LAWS(PVC)-1934-3-142

MUHAMMAD ESUFF ROWTHER Vs. MHATEEM AND CO

Decided On March 14, 1934
MUHAMMAD ESUFF ROWTHER Appellant
V/S
MHATEEM AND CO Respondents

JUDGEMENT

(1.) The plaintiff is the petitioner. This Civil Revision Petition arises out of a suit instituted by the plaintiff for recovery of Rs. 50 said to be the advance sent by him to the defendant firm with respect to certain goods ordered by him. The plaintiff's case is that he had given orders to the defendant firm not to send the goods per V.P.P. but that in as much as the defendant sent the goods per V.P.P. in contravention of his order, he refused to receive the goods and that he is now en-titled to the refund of the Rs. 50 advanced by him. The other contention raised by the plaintiff need not be referred to for purposes of this Revision Petition. The defendant denied having received any intimation from the plaintiff before they sent the goods that the goods were not to be sent by V.P.P. The defendant also contended that the Court had no jurisdiction to try the suit since the cause of action arose at Madras and not within the jurisdiction of the trial Court, namely, the District Munsif's Court of Tiruvarur. With reference to those contentions two important points arose for determination in the lower Court : (1) Whether the plaintiff was right in refusing to take delivery of the goods, the receipt for which was sent to him by V.P.P. (2) Whether the Court had no jurisdiction to try the suit. On the first point the learned District Munsif found in favour of the plaintiff. He Bays on a consideration of the contention: I find that the V.P.P. has been rightly refused and the plaintiff is entitled to a decree as prayed for. (para. 9 of the judgment.)

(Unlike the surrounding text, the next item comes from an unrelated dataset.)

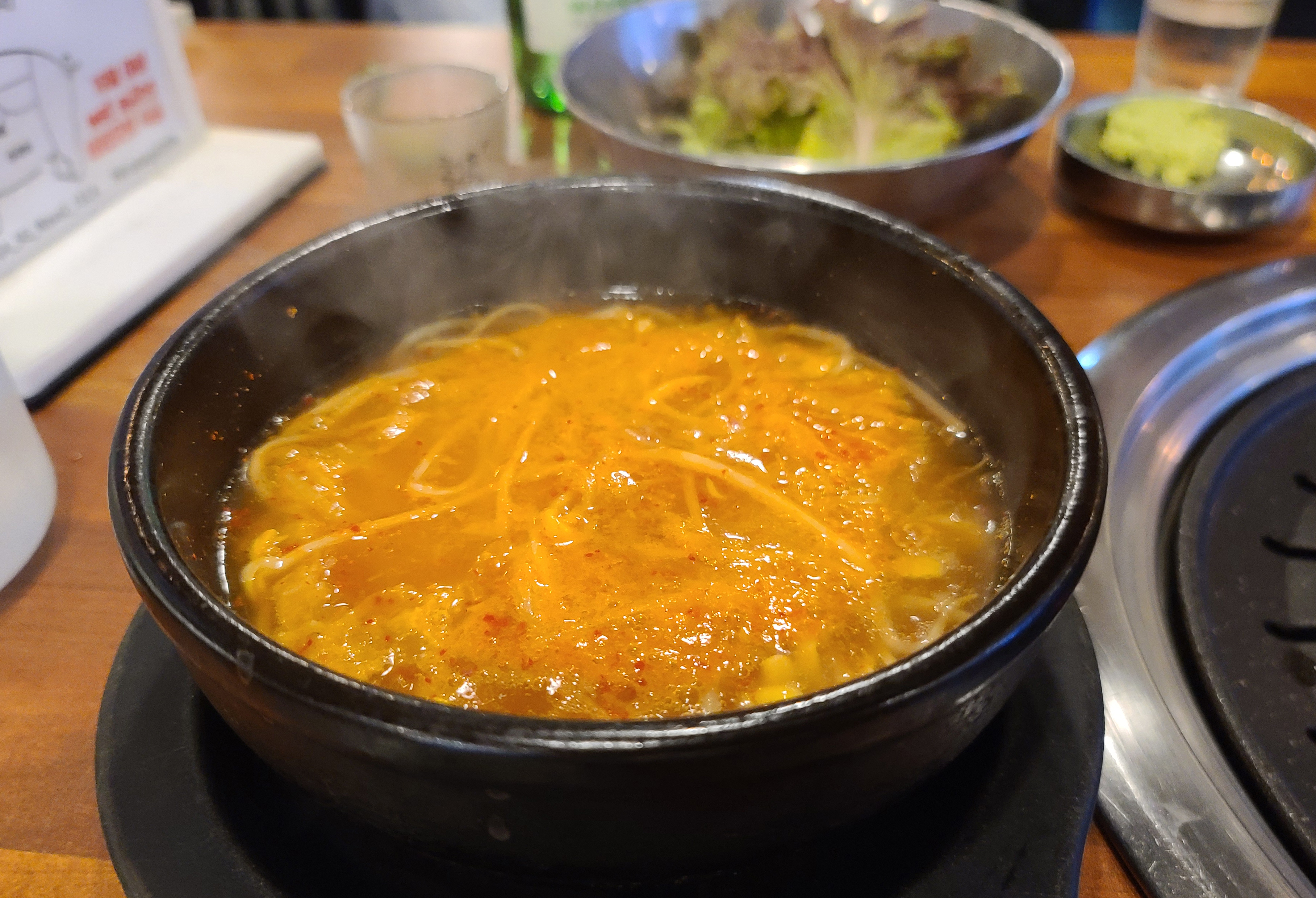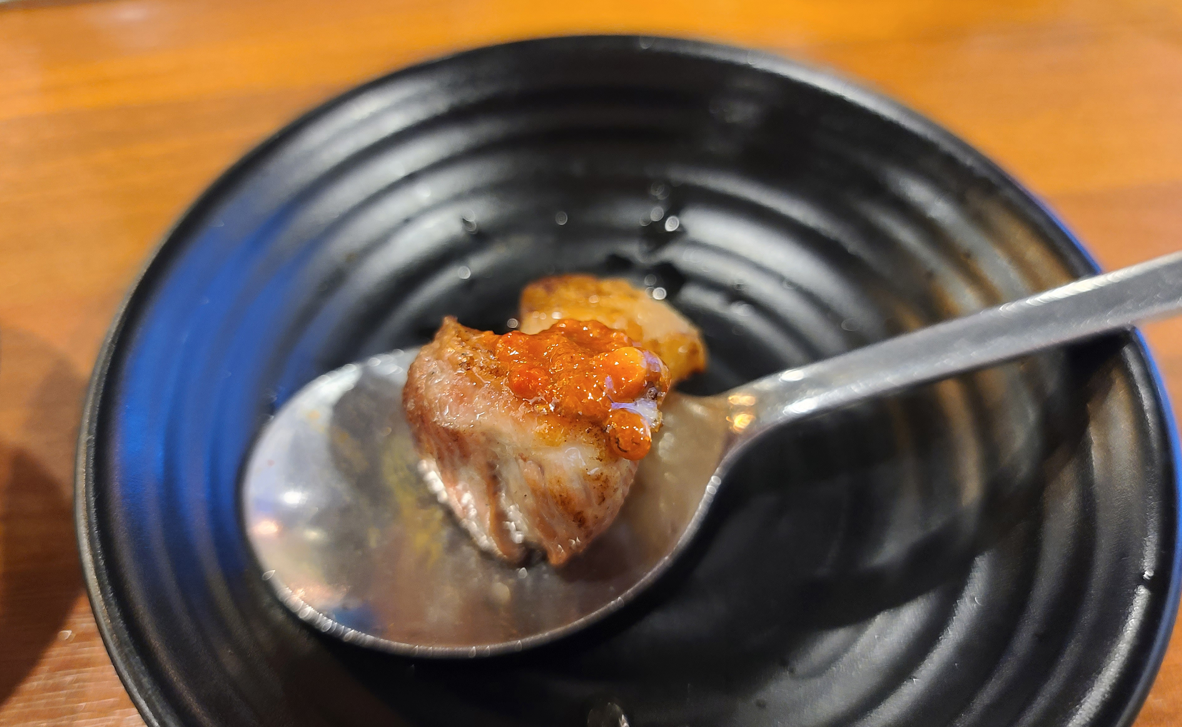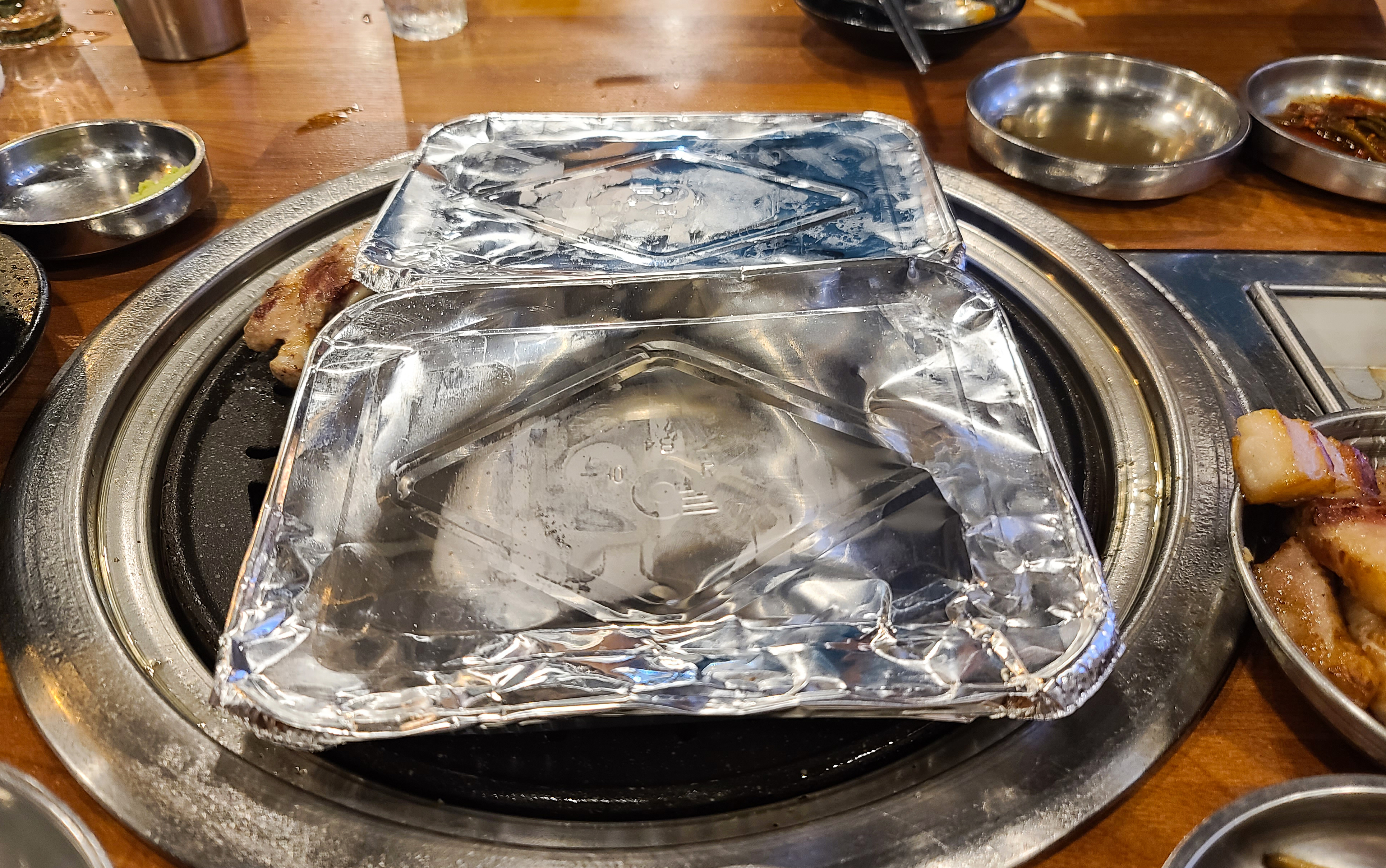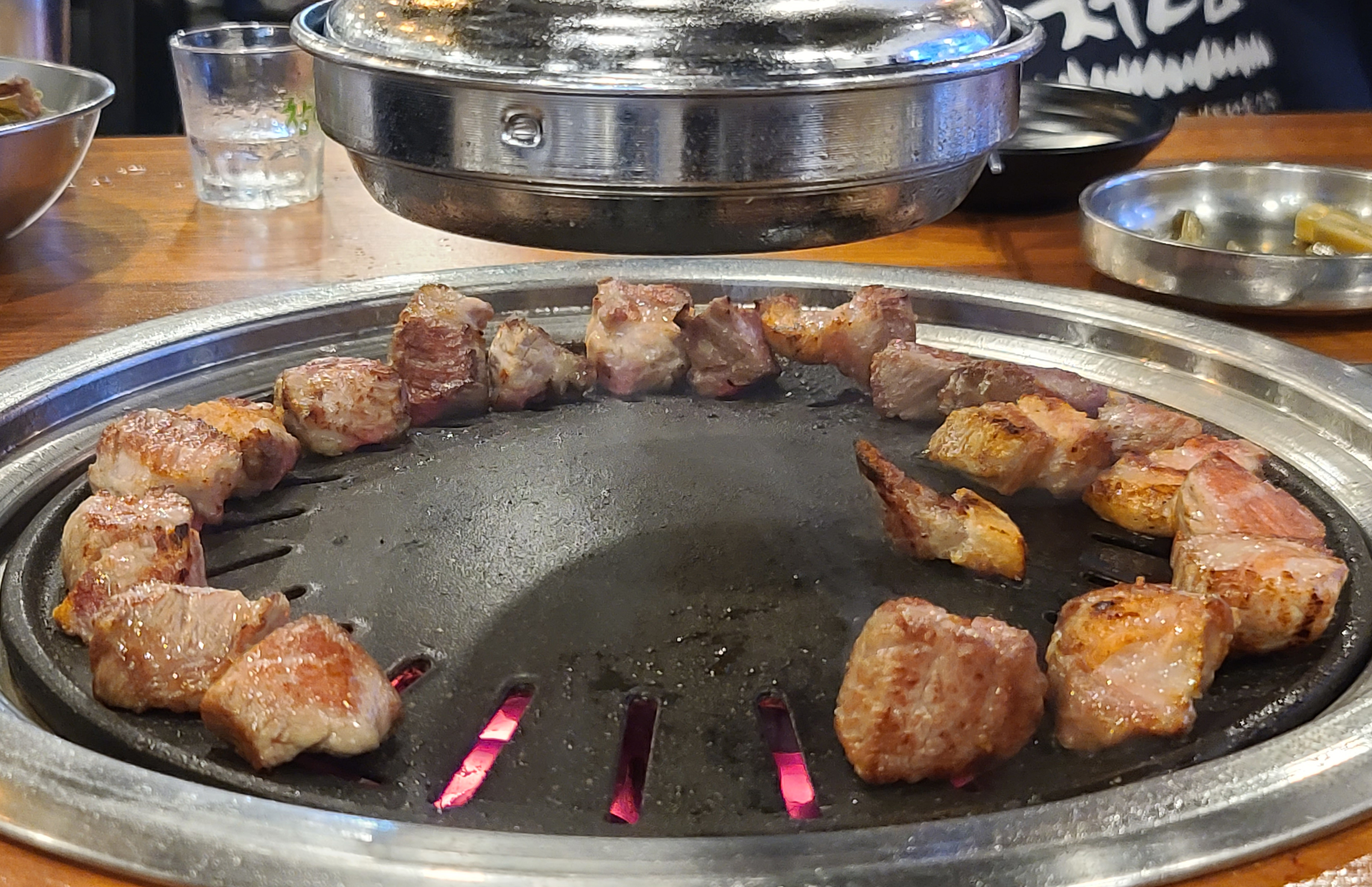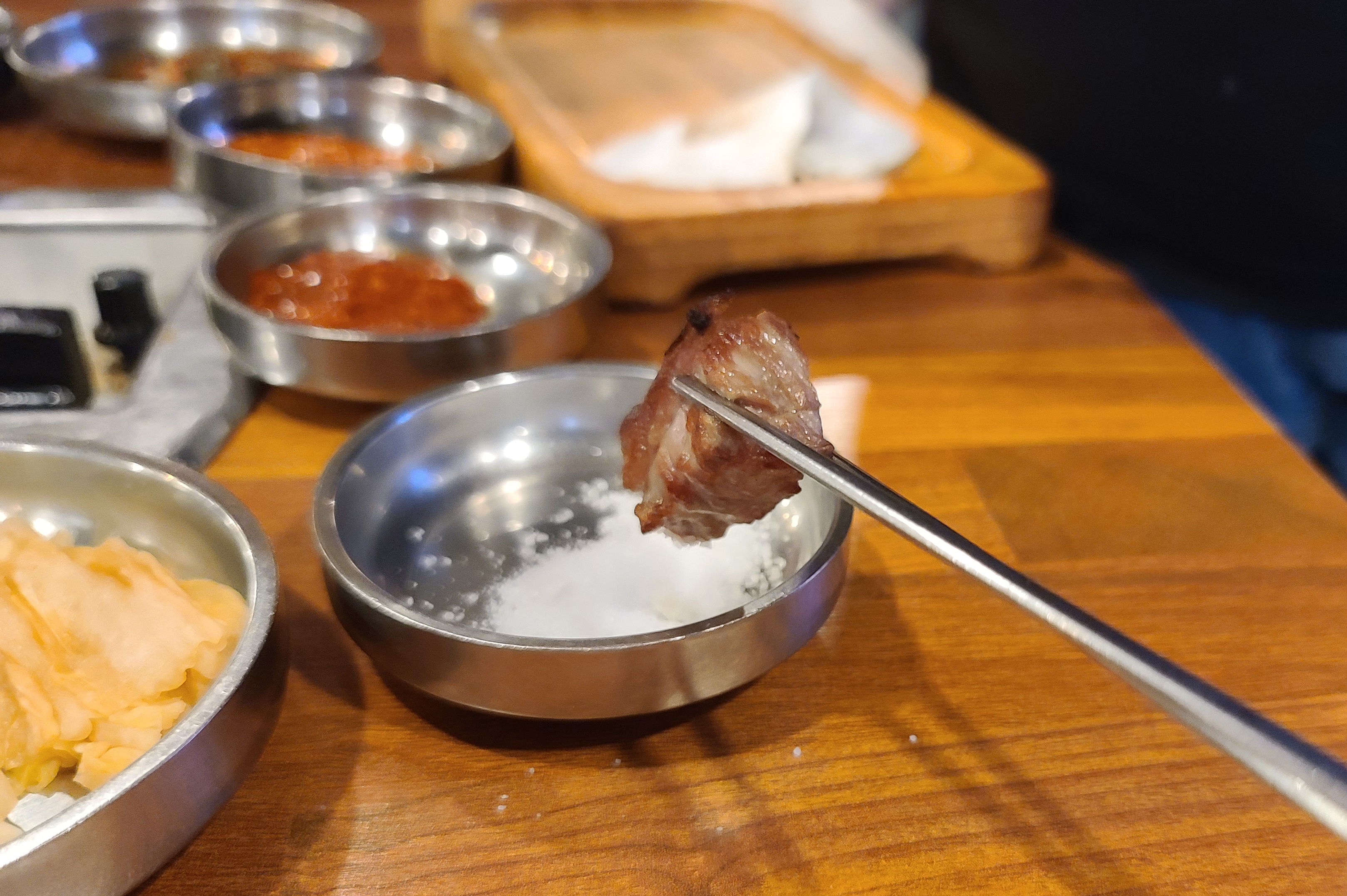 직원분은 고기가 어느 정도 익었을 때, 고기 한 점씩 맛보라고 접시에 덜어주시더라고요. 먼저 소금에 찍어먹어 보라며 권하셨고 그밖에 고기들은 접시에 덜어내어 불판 가장자리로 옮겨주었습니다. 나머지 고기들은 개인의 취향에 따라 고추냉이를 곁들이기도 하고, 쌈장이나, 젓갈, 명이나물 등과 곁들여 먹었습니다.

(2.) But he was not given a decree as the learned District Munsif found on the second point that the Court had no jurisdiction to try the suit. This matter is dealt with very briefly by the learned District Munsif in para. 10 of his judgment. In that paragraph he says that it appears from Ex. 2 that the plaintiff sent the Rs. 50 by means of a Hundi. The learned Counsel for the petitioner says that this is a mistake and that the records of the case do not show that it was by a Hundi that the sum was sent. From the papers filed in the case by the petitioner in the lower Court it would appear that the money was sent insured and Ex. 2 which refers to the despatch of money, says : "We have sent enclosed herewith Rs. 50 only." This corroborates the statement of the counsel that the learned District Munsif is not correct when he says that the money was sent by means of a hundi. After stating that the money was sent by a hundi the learned District Munsif says: We must take it that the money was paid at Madras and the contract was completed on payment of the said advance....

(3.) His opinion on this point apparently is that the contract was entered into at Madras. It is argued that this conclusion of the learned District Munsif is wrong because the offer to send the goods is accepted by Ex. 2 at Vijayapuram within the jurisdiction of the Tiruvarur Court. In Kamisetti Subbiah V/s. Katha Venkatawamy (1904) 27 Mad. 355 it is stated: Under the Contract Act, where the proposal and acceptance are made by letters, the contract Is made at the time when and at the place where the letter of acceptance is posted.